# Hunting luck changes in 30 seconds!!!



## bdawg (Apr 14, 2009)

Spent Opening day in the rain seeing nothing. Came back on Friday morning, saw 1 far away. Started to get discouraged when 5 more hunters showed up to the hunting area about 11:00am to drive deer. My dad and I decided to move around to the other end of the public land to see if they would chase us anything. Hunting an old cow pasture with woods at the back end. Got about 150 yds from the road, when we see an 8 pointer running across the pasture 200yds away! We freeze and then a button buck runs full speed at us across the cow pasture. My dad takes it down at 20yds. As he is shooting, 3 does get up from under a small grove of pine trees 30yds away next to the field! Instead of running through the pines to escape, they run up the hill through the pasture! I start firing and after the 2nd shot, one stops broadside, 70 yds away and I nailed it! Hit it in the neck and it dropped like a rock! So, in 30 seconds, we went from having no shots to taking 5 shots and having 2 deer down within 70 yds of each other! Easy drag back to the road too! Our shooting started a war up in the woods above the pasture as there were about 10 hunters spread out up there! Heard 7 or 8 more shots and saw 2 does running back across the pasture a half hour later.


----------



## ironman172 (Apr 12, 2009)

Sounds like too many hunters for me ..... congrats on your 2 deer, my 2nd came after i guess i had fell asleep for a short time to look up and there they were


----------



## Fishstix (Aug 16, 2005)

Congrats! Things can change in an instant. When I feel discouraged, I always tell myself to hang in there because I could be covered up in deer in the next 20 minutes.


----------



## ranger487 (Apr 5, 2005)

Congrats thats hunting you can sit for 7 hours for 20 seconds of joy


----------



## FISHIN 2 (Jun 22, 2005)

ironman172 said:


> Sounds like too many hunters for me ..... congrats on your 2 deer, my 2nd came after i guess i had fell asleep for a short time to look up and there they were


Always found you see deer when you wake up because you weren't movin around !!!


----------



## CFIden (Oct 9, 2014)

Hours of watching the same woods. I have named individual squirrels, ground hogs, hawks and owls, then within a minute everything changes. I guess that's why we sit in a tree. It's very exciting when it happens. I'm 54 and still get buck fever at times when I get a shot at a doe. Killed 80 + deer in my life. It's still fun when your heart gets pumping.


----------



## bdawg (Apr 14, 2009)

When my heart gets pumping and the adreniline is flowing I usually miss my shot. When they come up to me fast or are leaving fast, I usually shoot better! No time to overthink it! When I do have too much time and am worried about them possibly running away before I fire, my aiming looks like a drunk trying to drive!


----------



## Fishstix (Aug 16, 2005)

bdawg said:


> When my heart gets pumping and the adreniline is flowing I usually miss my shot. When they come up to me fast or are leaving fast, I usually shoot better! No time to overthink it! When I do have too much time and am worried about them possibly running away before I fire, my aiming looks like a drunk trying to drive!
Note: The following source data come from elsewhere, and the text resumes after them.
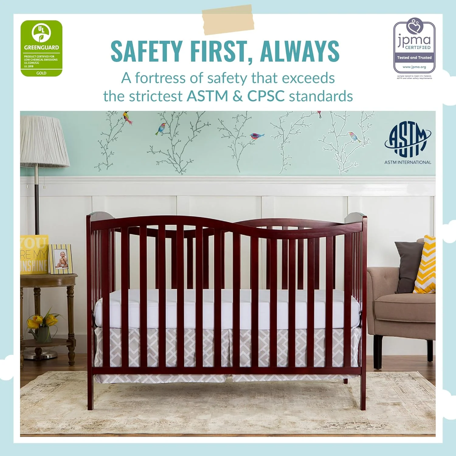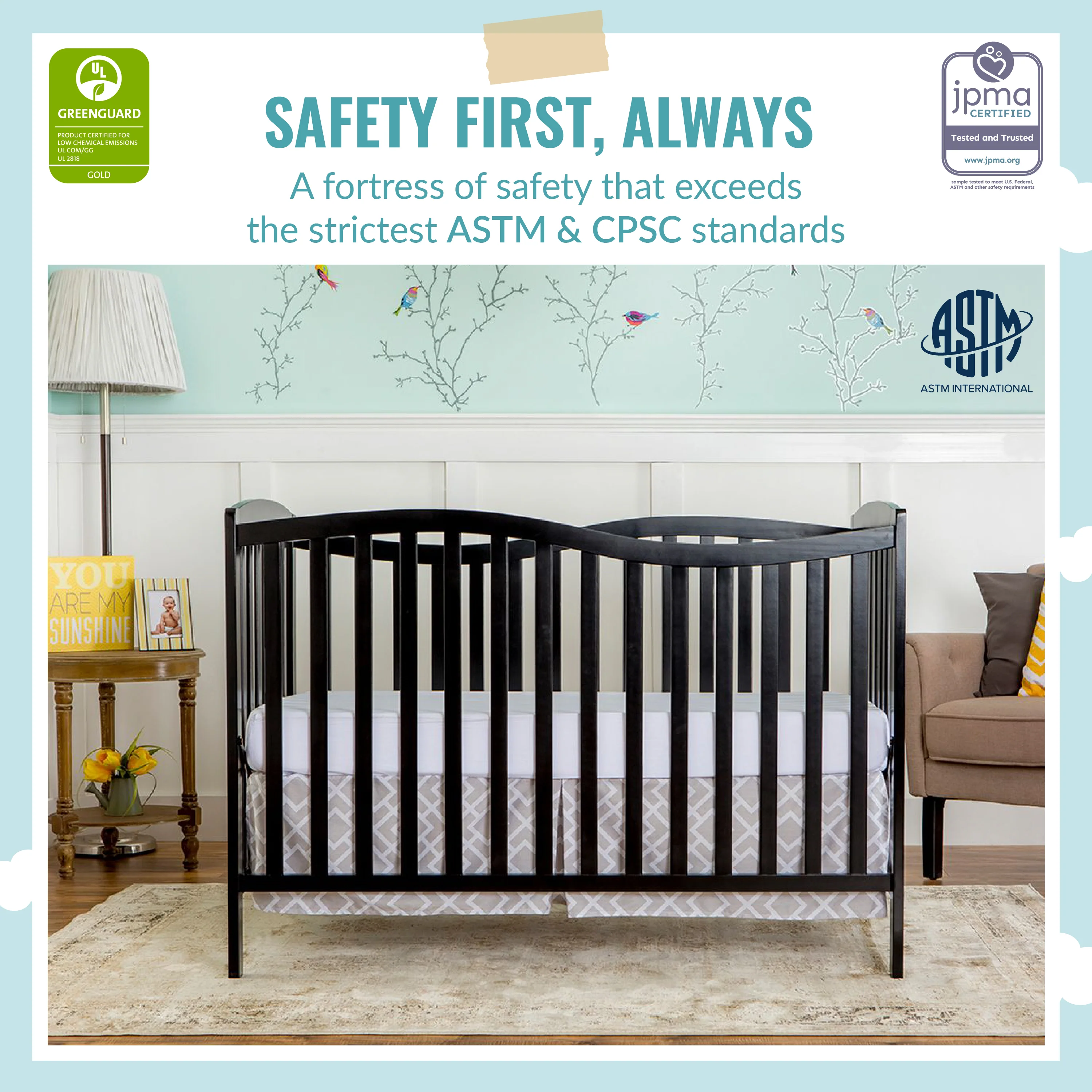 - SAFETY FIRST: The crib has stationary sides for added security. All our cribs are JPMA Certified to meet/exceed CPSC/ASTM safety standards. Our products are tested by 3rd party labs for lead/other toxic elements to meet/exceed CPSC/ASTM safety standards
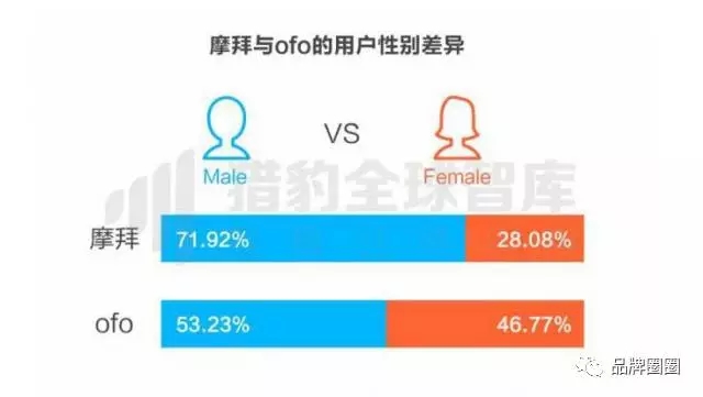 用摩拜的女生比例明顯低于ofo,畢竟女生更柔弱嬌嫩嘛,當然更喜歡省力的ofo! 2333
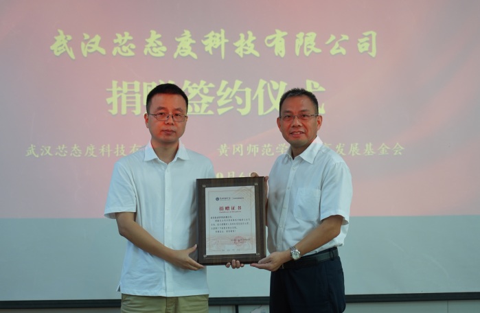本网讯 9月6日上午,武汉芯态度科技有限公司捐赠仪式在求实楼219会议室举行。该公司向学校教育发展基金会捐赠150万元(已于8月30日到账),助力学校事业高质量发展,校党委副书记、校长漆昌柱,党委副书记、学校教育发展基金会理事长陈朝阳,党委常委、副校长宋文生,优秀校友、武汉芯态度科技有限公司总经理罗浩先生出席捐赠仪式。仪式由宋文生主持。
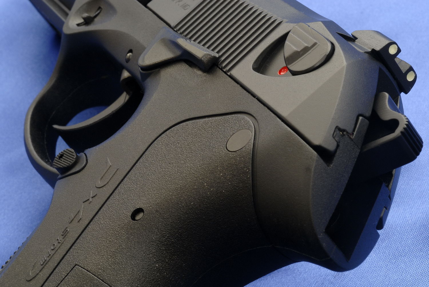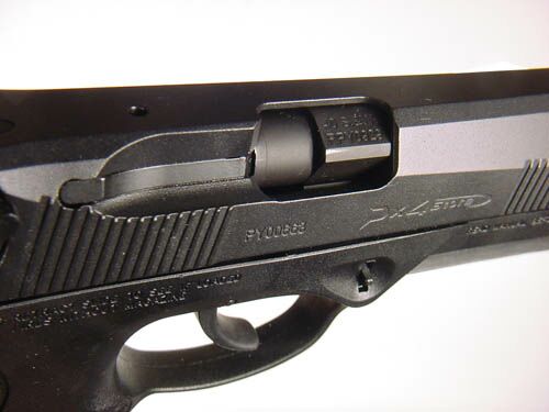 Px4“风暴”手枪与“美洲狮”手枪最大的不同是底把由玻璃纤维强化的工程塑料加工成型,防腐蚀性和耐高低温性能好,重量也很轻。底把在扳机护圈前的底把两侧都有分解按钮。要拆卸套筒和枪管时,要先清空手枪,然后向内推按钮,然后把套筒向前从底把上拉出来。空仓挂机柄在底把左侧。

Agreed, the less time to think the better. When things begin to happen fast, you tend to act instead of think. I can think of more occasions where I screwed up the shot because I had time to wait and think about the shot. I,as well, shoot a lot better when things are happening fast around me.


----------



## G-Patt (Sep 3, 2013)

bdawg said:


> When my heart gets pumping and the adreniline is flowing I usually miss my shot. When they come up to me fast or are leaving fast, I usually shoot better! No time to overthink it! When I do have too much time and am worried about them possibly running away before I fire, my aiming looks like a drunk trying to drive!


This is me too. I remember I had a little pencil spike walk in from 100 yards about 2 years ago while bow hunting. Watched him the whole time to my tree. Until he got about 35 yards away, I thought he was a doe, which was what I was hunting for since I was tagged out on bucks. Before I realized it was a spike, I could literally hear my heart pump out of my chest. I was like, what's going on? I don't recall that happening before. But I haven't had that experience before literally watching deer walk to their doom from 100 yards away without them knowing what beholds them. It's kind of strange.


----------